**Information supplied:**
-=-=-
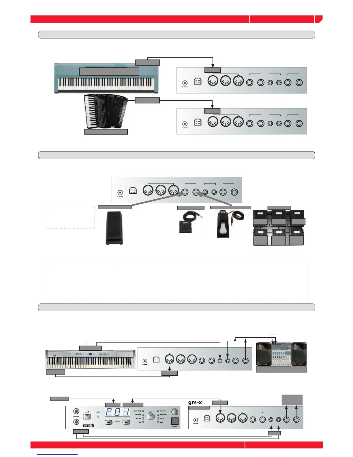 •The GM-X PEDAL Input 2 using a single switch pedal. This Pedal input it’s already set on the MIDI CC# 67 (SOFT)
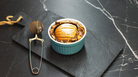 Traditional French sweet dessert : Apple Brioche on beautiful background. One piece. Delicious seasonal breakfast. Oblique view from the top, Selective focus.
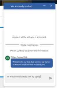 Agenten får sedan en inkommande chattförfrågan som ett pop-up fönster. Chatten tilldelas agenter beroende av belastning. Detta minimerar väntetiden samt säkrar att kunden snabbt får hjälp.
-=-=-
**Task to carry out:**
Restate the listing above word for word. Leave the images out.

**Response to this exercise:**
 •The GM-X PEDAL Input 2 using a single switch pedal. This Pedal input it’s already set on the MIDI CC# 67 (SOFT)
 Traditional French sweet dessert : Apple Brioche on beautiful background. One piece. Delicious seasonal breakfast. Oblique view from the top, Selective focus.
 Agenten får sedan en inkommande chattförfrågan som ett pop-up fönster. Chatten tilldelas agenter beroende av belastning. Detta minimerar väntetiden samt säkrar att kunden snabbt får hjälp.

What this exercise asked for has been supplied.